In its first meeting in 2026, the Speakers’ Forum, the highest policy-making body for the country’s legislative sector, considered a report on the realignment of the sector’s 7th Term Strategic Framework. All present agreed that the sector must do things differently because it can no longer ignore the socio-economic despondency engulfing the nation.
Participating in the meeting that took place at Parliament recently, the Secretary to the Mpumalanga Provincial Legislature and Technical Supporter of the Sector’s Strategic Framework, Mr Hubert Shabangu, said: “We have to do things differently to gain public trust that has eroded over time.” He said the strategy is a result of a multi-engagement consultation process with key stakeholders that began in 2022.
The key priorities of the framework are, among others, the need to have a transformative sector that changes how it does its business, one that could answer the charge: “where was the sector when the state capture happened?”
Mr Shabangu said: “These are perceptions that have nudged us to come up with the sector’s strategic framework that is proactive rather reactive in its form and substance. For this to be achieved, the sector must have a collaborative partnership with critical stakeholders such as SALGA to ensure that its oversight mechanism takes into account the performance of municipalities in executing their service delivery mandates.”
The report suggested that the sector should identify its critical stakeholders and must have a sector database to strengthen its statutory compliance with its public participation mandate in its law-making processes to avoid litigation.
Additionally, the report recommended that nationally and provincially, the sector should ensure that its oversight findings and committees recommendations, both nationally and provincially, receive the appropriate response from the proper government departments.
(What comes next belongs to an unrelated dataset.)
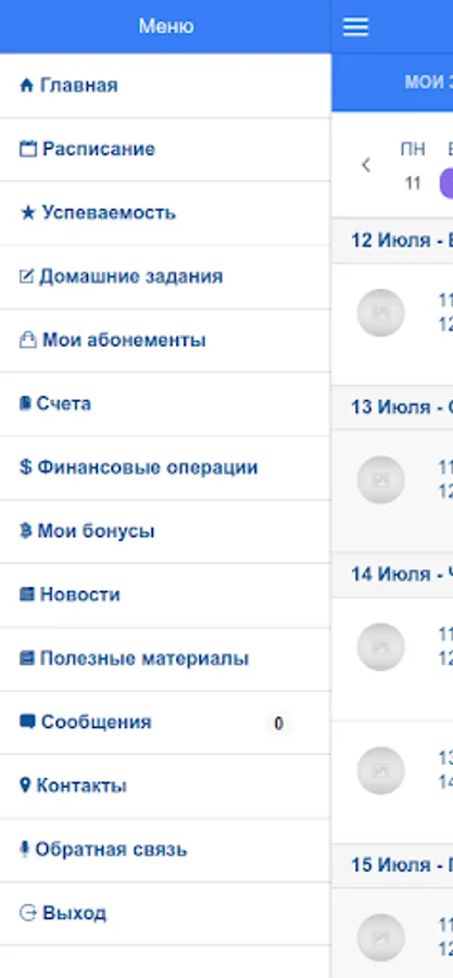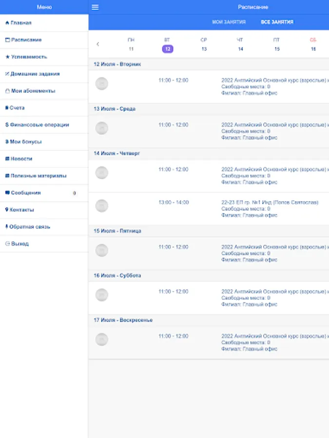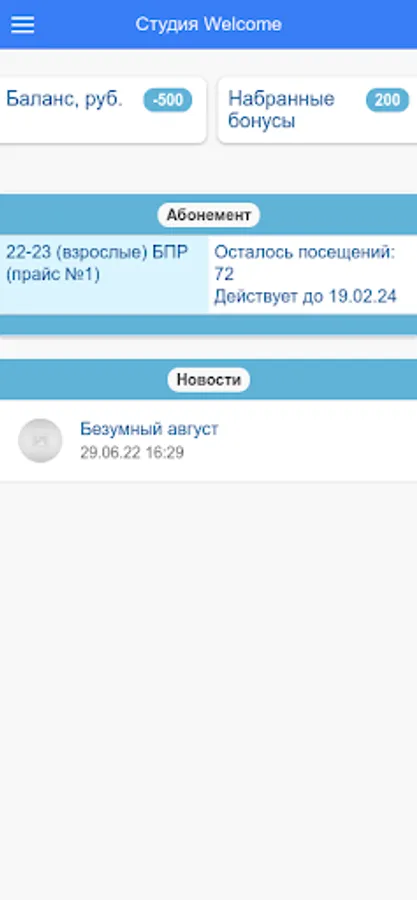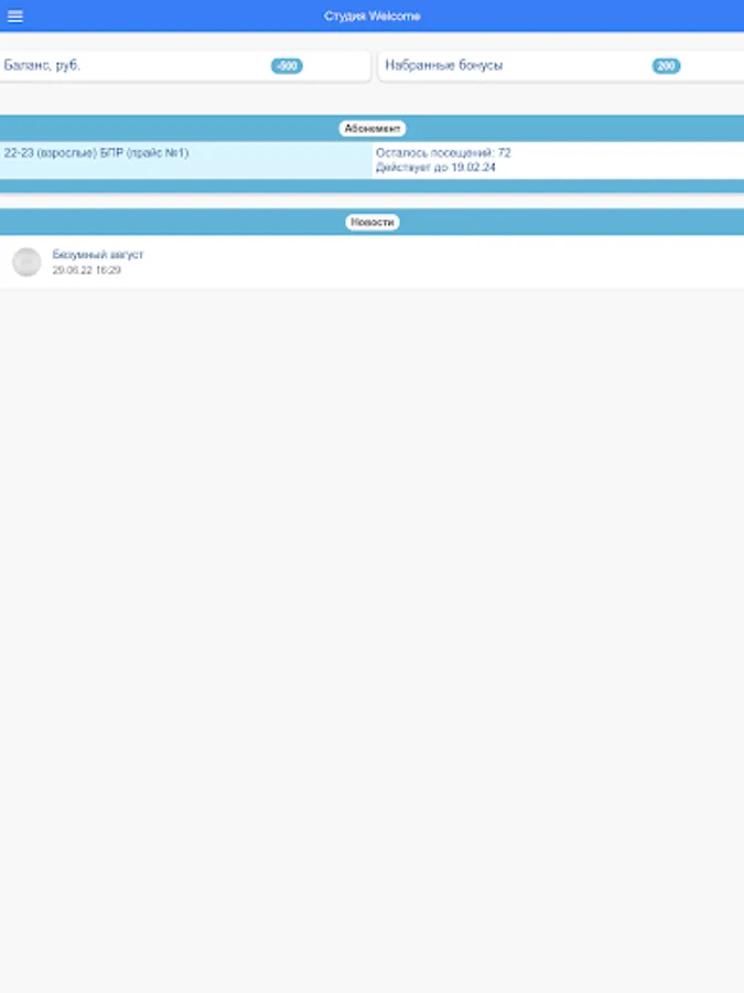 The application allows you to see the full schedule in the studio, as well as your lessons. You can check the balance of classes in active subscriptions, payment transactions for classes, homework, class results, see a mark on attendance and completion of homework. There is also information about the current balance, news, contacts, useful educational materials and much more.
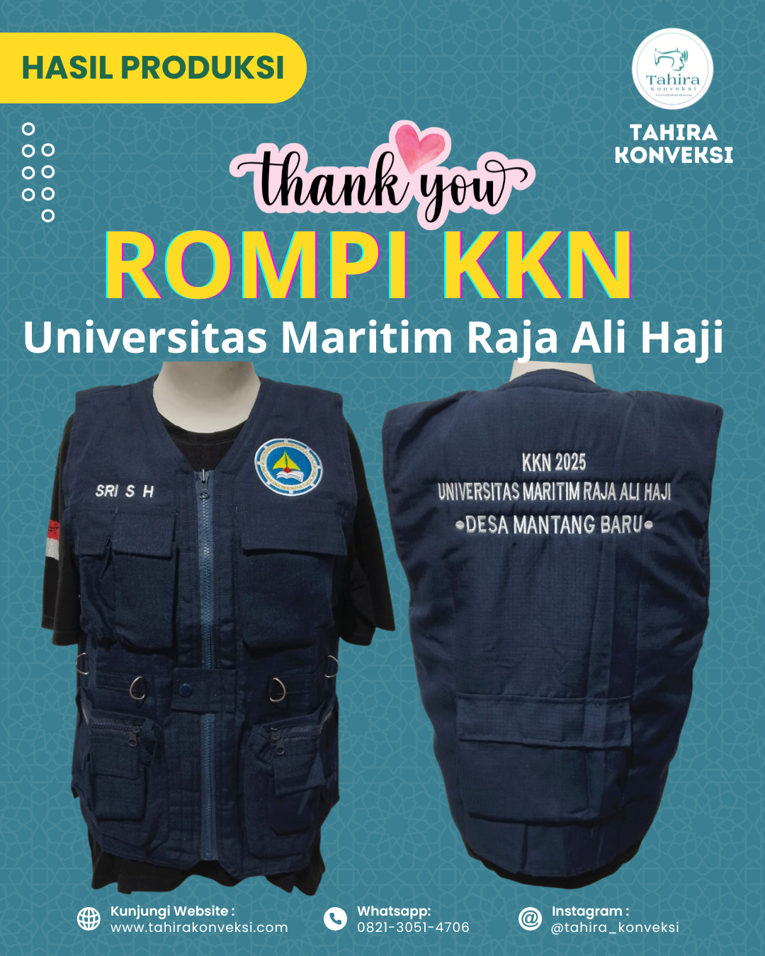 “ Pertamakali bikin kaos pakai jasa konveksi Alhamdulillah hasilnya memuaskan jahitannya rapih, harga terjangkau dan pelayanannya bagus juga cepat proses produksinya . Terimakasih tahira konveksi kedepannya kalau order pasti ke tahira konveksi lagi ”

If this responsibility is not met, the sector’s oversight endeavor will not have the desired impact.
The report also underscores the need for the assessment of the impact of legislation and the need to have mechanisms to monitor and evaluate their socio-economic bearing on the lived experience of the citizenry, to ensure that law-making and oversight processes are not merely a matter of compliance but are impactful in combating the triple challenges of poverty, inequality and unemployment to improve the quality of life of South African citizens.
Ultimately, the report recommends that the sector should be responsive and transformative if it is to do things differently. To achieve that, the report states, the sector needs to ensure it enhances its impactful law-making processes and strengthens its outcomes-based oversight to ensure that the executive is more responsive and accountable to the sector’s oversight mandate.
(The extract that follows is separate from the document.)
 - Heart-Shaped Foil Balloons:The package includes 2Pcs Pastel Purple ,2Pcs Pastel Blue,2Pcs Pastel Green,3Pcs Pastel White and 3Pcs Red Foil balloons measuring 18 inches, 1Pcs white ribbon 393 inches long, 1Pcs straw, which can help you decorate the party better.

The sector should also undertake meaningful and adequate public participation processes, strengthen sector co-operation and collaboration with critical stakeholders, and enhance capacity-building for members to enable them to uphold the prescripts of the new value proposition of a transformative legislative sector.
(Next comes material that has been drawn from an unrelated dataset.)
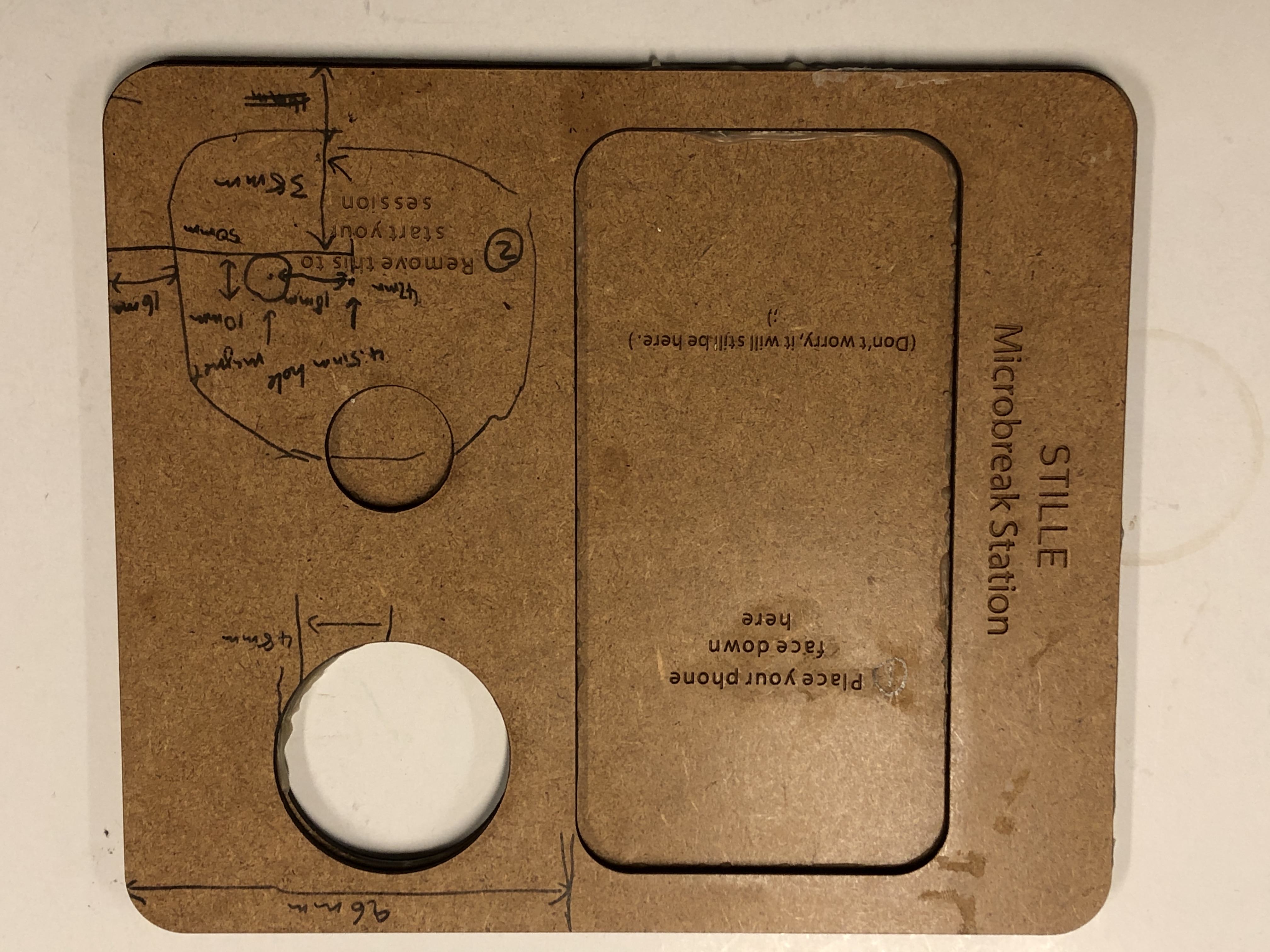 Final prototype of the Microbreak station, with “chestnut” and phone in the backdrop.

Many Speakers Forum members raised the issue how lack of adequate funding from the fiscus for its work and asked how the sector could effectively achieve these new oversight and law-making value propositions emanating from the report when it is not adequately funded to undertake them. Many speakers echoed the fact that the current status quo and the delays in passing the Legislative Sector Bill, which would ensure that the sector determines its own budget allocation or share from the national budget, remain an ongoing political concern.